#### [ACTIVITY]
Within the data that follows, set down exactly the lines from the one containing "Пластиковая упаковка с" through the one containing "salle d'eau, une...", both ends included.

#### [SUPPLIED MATERIAL]
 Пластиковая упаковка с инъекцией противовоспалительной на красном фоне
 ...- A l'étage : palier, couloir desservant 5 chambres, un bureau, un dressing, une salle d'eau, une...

...

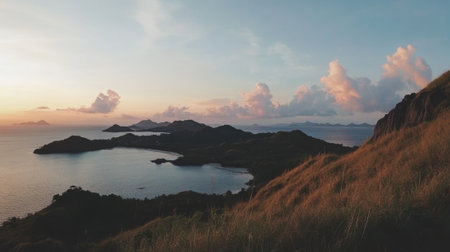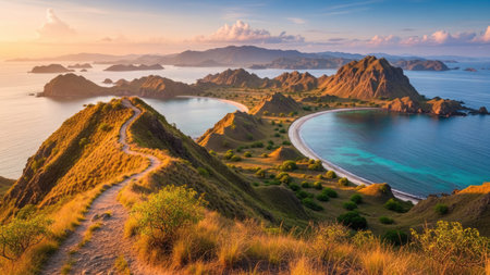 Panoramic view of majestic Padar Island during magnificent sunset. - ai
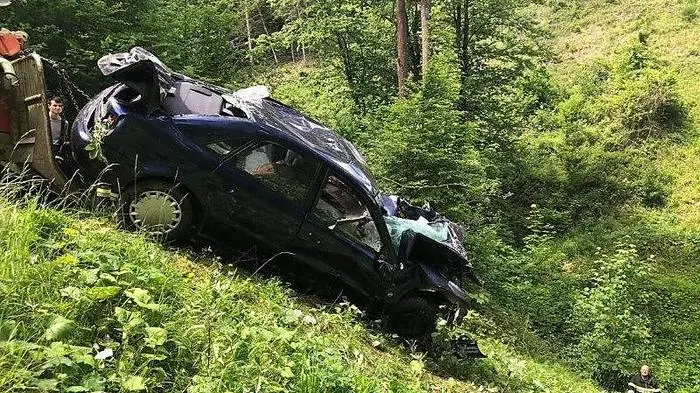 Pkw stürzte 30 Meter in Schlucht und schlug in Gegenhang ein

#### [YOUR RESPONSE]
 Пластиковая упаковка с инъекцией противовоспалительной на красном фоне
 ...- A l'étage : palier, couloir desservant 5 chambres, un bureau, un dressing, une salle d'eau, une...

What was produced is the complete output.